It's been at least five years since I've actually done FPGA work, but I
always took unexpected optimizations of this sort to mean that I didn't
have my head screwed on straight, and I needed to figure out what I was
doing wrong.
Most of the time, I was right.
--
Tim Wescott
Wescott Design Services
http://www.wescottdesign.com
Article: 158457
On 11/30/2015 6:32 PM, Simon wrote:
> Just to follow up, it definitely is because it's being optimised away. If I
> add a port which links to a byte of the stack register space, and link it
> to the top-level test bench...
>
> module cpu_6502
> (
> ...
> output reg [`NW:0] stackff
> );
>
> ////////////////////////////////////////////////////////////////////////////
> // Set up the stack as a register array
> ////////////////////////////////////////////////////////////////////////////
> reg [`NW:0] stack[0:255]; // Stack-page
>
> always @ (posedge(clk))
> stackff <= stack[255];
>
>
> ... the report tells me that bits [31:8] of 'newSPData' are optimised away, but bits [7:0]
> are not.
>
> Aside: The report is also saying: "INFO: [Synth 8-5545] ROM "stack_reg[255]" won't be
> mapped to RAM because address size (32) is larger than maximum supported(25)"
>
> Am I misunderstanding this, or is my declaration wrong ? I'm trying to
> declare 256 8-bit (`NW is defined to be 7) registers to represent a single
> page (the 6502 uses page-1 as a stack, so its stack pointer is only 8-bits in size).
> 256 bytes ought to fit into a 4K-byte block-ram...
>
> Cheers
> Simon.
>
I am not clear what you are trying to do with the stack here. Do you
have a relatively complete CPU implemented?

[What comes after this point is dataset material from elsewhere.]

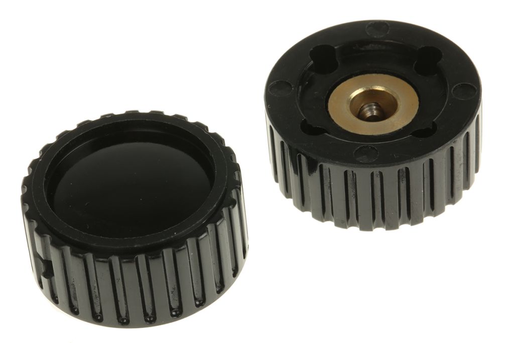 A selection of black high-quality compression mouldings with brass bushes suitable for inch diameter spindles. The knobs are recessed to accommodate control mounting nuts, except the Standard inch version, which also has a 6BA grub-screw. All other knobs have 4BA grub-screws.

I would expect something like:
module CPU6502
(
output wire [ 7:0] data_out,
output wire [15:0] address_out,
input wire [ 7:0] data_in,
output wire write_enable,
output wire read_enable,
input wire irq_in,
input wire nmi_in,
input wire clk,
input wire rstn
)
I would expect that you would have an 8 bit stack pointer that would get
muxed onto the address bus, possibly with offsets from the instruction
stream. The newSP value would go into the stack pointer when you are
updating the stack.
RAM would get hung on the address and data buses with block decode logic
to decode the upper address bits into a chip select for the RAM and
peripherals. Since FPGA's don't do tri-state buses, there will be a read
data in mux to select the data source from the addressed bus target for
reads.
sort of like:
module mcu
(
output uart_txd,
input uart_rxd,
input clk,
input rstn
)
wire [15:0] address;
wire [ 7:0] data_out;
wire [ 7:0] ram_data, rom_data, uart_data;
reg [ 7:0] data_in;
wire ram_block_sel, rom_block_sel, uart_block_sel;
wire write_enable, read_enable;
CPU6502 cpu
(
.data_out (data_out),
.data_in (data_in),
.address_out (address),
.write_enable (write_enable),
.read_enable (read_enable),
.irq_in (irq),
.nmi_in (1'b0),
.clk (clk),
.rstn (rstn)
);
RAM_1Kx8 ram
(
.address_in (address[9:0]),
.data_in (data_out),
.data_out (ram_data),
.write_enable (write_enable),
.chip_sel (ram_block_sel)
);
ROM_1Kx8 rom
(
.address_in (address[9:0]),
.data_out (rom_data),
.read_enable (read_enable),
.chip_sel (rom_block_sel)
);
UART uart
(
.txd (uart_txd),
.rxd (uart_rxd),
.reg_select (address[1:0]), // 2 bits of address
.data_in (data_out),
.data_out (uart_data),
.write_enable (write_enable),
.read_enable (read_enable),
.irq_out (irq),
.clk (clk),
.rstn (rstn)
)
// address block decode
assign rom_block_sel = address [15:13] == 3'b111; // top address
assign ram_block_sel = address [15:13] == 3'b000; // bottom address
assign uart_block_sel = address [15:13] == 3'b001;
// read data path mux
always @( * )
begin
case (address[15:13])
3'b000: data_in = ram_data;
3'b001: data_in = uard_data;
3'b111: data_in = rom_data;
default: data_in = 8'h0;
endcase
end
endmodule
Article: 158458
On 11/30/2015 8:53 PM, Tim Wescott wrote:
> On Mon, 30 Nov 2015 18:23:43 +0000, Mark Curry wrote:
>
>> In article <450e997a-afd7-4c3d-a181-b324af6ede3c@googlegroups.com>,
>> Simon <google@gornall.net> wrote:
>>> So I have a partly-complete design for a 6502 CPU, it's simulating just
>>> fine for the implemented opcodes, but when I run synthesis, I get a
>>> whole load of "Sequential element (\newSPData_reg[23] ) is unused and
>>> will be removed from module execute.", one for each bit in the register,
>>> in fact.
>>>
>>> I know the logic is *trying* to use this register, I can see the values
>>> in the register changing during simulation runs, but I can't for the
>>> life of me see why it would be removed - the 'execute' module is
>>> basically a case statement, with one of the cases explicitly setting the
>>> value of the 'newSPData' register.
>>>
>>> Again, in the simulation, I see the case being executed, and the values
>>> changing. I guess what I'm looking for is any tips on how to tackle the
>>> problem ("The Knowledge", if you will), I've already tried the 'trace
>>> through the logic for the case that should trigger the case in question,
>>> and see if anything jumps out at me'. I remain un-jumped-out-at [sigh].
>> <snip>
>>
>> Simon - just ignore the message and move on. Really.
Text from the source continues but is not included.